As the US plans to send Egypt four more F-16 fighter jets to Egypt, despite their military having ousted Muslim Brotherhood member and former President of Egypt Mohamed Morsi, Senator Rand Paul (R-KY) introduced legislation to prohibit the United States from sending foreign assistance to the government of Egypt.
“Egypt is the latest example of the Obama Administration’s misguided foreign policy,” Sen. Paul said. “The overthrow of the Egyptian government was a coup d’état, and the law is clear that when a coup takes place, foreign aid must stop. But, the President still plans to continue to send aid to Egypt, at a pace of more than $1.3 billion per year. By the President’s refusal to call the situation in Egypt a ‘coup’ and continuing the flow of foreign assistance to Egypt, he is forthrightly saying ‘I am ignoring the rule of law.’”
Earlier this year, the Senate voted against an amendment introduced by Sen. Paul that would have prohibited the U.S. government from selling F-16 military aircraft, M1 tanks, and similar military weapons to the Egyptian government.
According to the legislation titled “Egyptian Military Coup Act of 2013,” introduced by Senator Paul point out that “On July 3, 2013, the military of Egypt removed the democratically elected President of Egypt, arrested his supporters, and suspended the Constitution of Egypt. These actions fit the definition of a military coup d’etat.”

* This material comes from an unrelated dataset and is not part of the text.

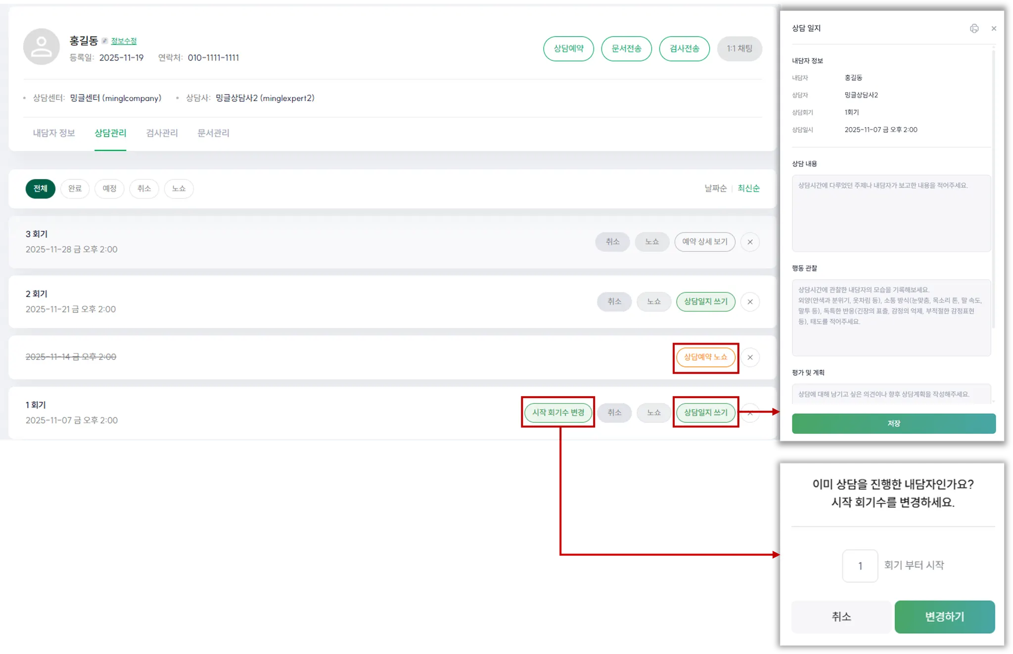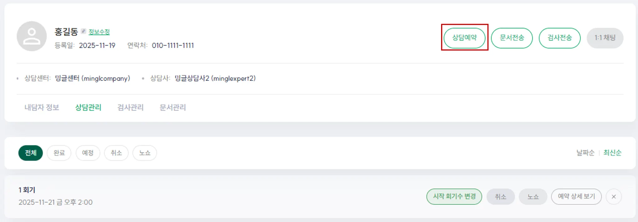 내담자가 상담을 취소하거나 노쇼하면 [예약취소], [노쇼]로 기록하세요.

The legislation goes on to point out:
Pursuant to section 7008 of the Department of State, Foreign Operations, and Related Programs Act, 2012 (division I of Public Law 112–74; 125 Stat. 1195), the United States is legally prohibited from providing foreign assistance to any country whose duly elected head of government is deposed by a military coup d’etat, or removed in such a way that the military plays a decisive role.
Paul’s legislation points out that the US has suspended aid to other countries in the past who have undergone military coups d’etats, including the Ivory Coast, the Central African Republic, Thailand, Mali, Fiji, and Honduras.
Senator Paul’s legislation also says that in addition to the restrictions of section 7008 of the Department of State, Foreign Operations, and Related Programs Act, 2012 there are other additional restrictions that should be carried out. He lists the following:
- Deliveries of defense articles currently slated for transfer to Egyptian Ministry of Defense (MOD) and Ministry of Interior (MOI) shall be suspended until the President certifies to Congress that democratic national elections have taken place in Egypt followed by a peaceful transfer of power.
- Provision of defense services to Egyptian MOD and MOI shall be halted immediately until the President certifies to Congress that democratic national elections have taken place in Egypt followed by a peaceful transfer of power.
- Processing of draft Letters of Offer and Acceptance (LOAs) for future arms sales to Egyptian MOD and MOI entities shall be halted until the President certifies to Congress that democratic national elections have taken place in Egypt followed by a peaceful transfer of power.
- All costs associated with the delays in deliveries and provision of services required under subparagraphs (A) through (C) shall be borne by the Government of Egypt.
Rand Paul, like his father, has called for a halt of aid to foreign countries, especially Muslim countries. He has stood up to the Democrats over the issue of foreign aid and been attacked by liberal RINOs for doing so. He has slammed Senator John McCain for posing for pictures with terrorists that Barack Obama and State Secretary John Kerry want to send foreign aid to in Syria. In fact, Paul was one of four senators who introduced a bill to block military funds to Syria.
I’m hopeful that he will get the backing of many members in the Senate, but I’m not holding my breath. However, I don’t think we should hold our collective breaths on this one. Contact your senator and tell them to get behind this effort. After all, it’s your money we’re talking about.